Table 3 presents the spatial modeling results. The SLM slightly outperforms the SEM in assessing the two indices, as indicated by its lower AIC and higher log-likelihood. Therefore, we used the SLM results for the subsequent interpretation. Moreover, the spatial autocorrelation parameter is positive and significantly different from zero (p-value < 0.01), which indicates the presence of a positive spatial autocorrelation and echoes the Moran's I statistic. This observation agrees with our expectations.

TABLE 3

Table 3. Spatial modeling results.

The cycling index modeling result demonstrates that the “5Ds” variables, namely density, diversity, design, distance to transit (or transit accessibility), and destination accessibility, are significantly related to the cycling index in the study area. Specifically, the cycling index is positively correlated with land-use mix, water area, green space area, road density, number of bus and metro stations, number of enterprises, and number of stadiums (p-value < 0.05) but is negatively associated with FAR and number of schools (p-value < 0.01). Interestingly, residential building density, river line length, and the light index insignificantly affect the cycling index, and housing price is positively related to this index (p-value < 0.01).

The modeling results for the running index show that this index is positively associated with water area, river line length, green space area, the light index, road density, number of enterprises, and number of stadiums (p-value < 0.01) but is negatively correlated with residential building density and number of schools (p-value < 0.01). Nevertheless, FAR, land-use mix, and number of bus and metro stations are insignificant at the 5% level. Furthermore, housing price is positively connected to the running index (p-value < 0.01).
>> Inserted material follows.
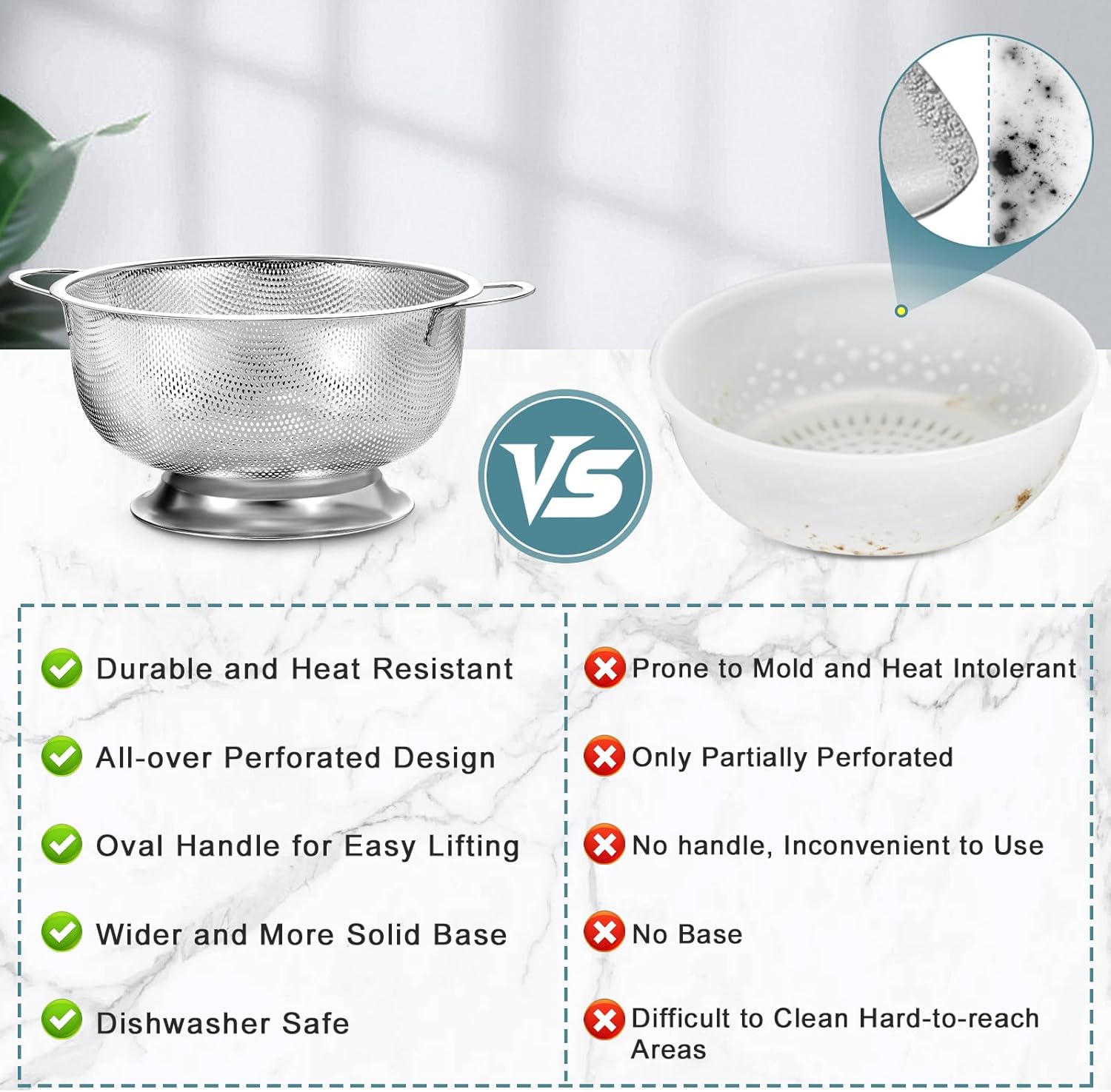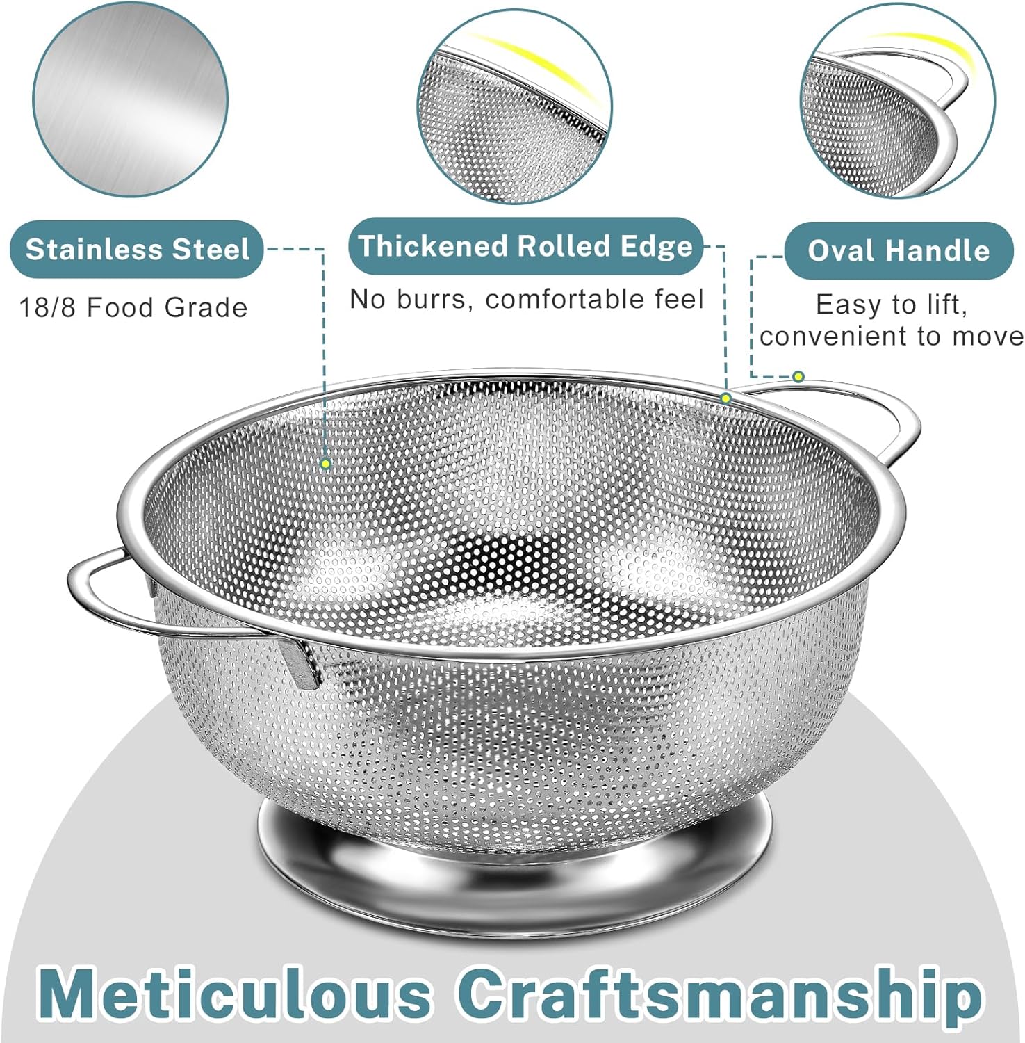 • 【Solid Base: Stable & Tip-Proof, Even When Full】Our colander set features a reinforced wide base that keeps the metal colander stable even when full. The sturdy base sits firmly in your sink or on the countertop, so you can focus on pouring, stirring or multitasking without constant worry of tipping. Whether you’re draining a pot of potatoes for a big Sunday roast or a batch of quinoa for meal prep, this base ensures your colander for kitchen stays exactly where you put it. No more messes, no more wasted food—just reliable stability every time

The above outcomes suggest that the impacts of some built environmental indicators on cycling and running are highly consistent (e.g., water area, green space area, and road density), whereas those of some other attributes (e.g., residential building density, FAR, river line length, and number of bus and metro stations) vary considerably. Most of our findings align with those of previous studies. However, our findings related to FAR, number of schools, and river line length substantially differ from those of the literature.

We compare the magnitude of the coefficients in the OLS and spatial econometric models and find that the effects of most independent variables on the dependent variables are magnified by the presence of a positive adjacency effect. In other words, these coefficients are usually bigger in the OLS models than in the spatial econometric models because of the feedback from the spatially lagged dependent variable (addressed by the SLM) or spatially auto-correlated residuals (addressed by the SEM).

Discussion

Density

Residential building density and FAR have either negative or insignificant effects on the cycling and running indices, which contradicts the results of previous studies. Unlike cities in North America, Europe, and Oceania, where walkable neighborhoods/areas are a rarity, Chengdu is a high-density city with constant urban expansion. Therefore, the impact of residential building density and FAR in Chengdu on physical activity may differ from that observed in western countries. The contrasting results may also be ascribed to the habits of Chinese residents, who mostly prefer to use the Strava app to record their leisure physical activities. Compared with their counterparts in low-density areas, Chinese residents tend to engage in physical activities in public spaces marked by clear vision, low traffic flow, and high safety. Some evidence also suggests that density plays a vital role in transportation walking, and its correlation with leisure walking (more broadly, leisure physical activity) remains unclear (40).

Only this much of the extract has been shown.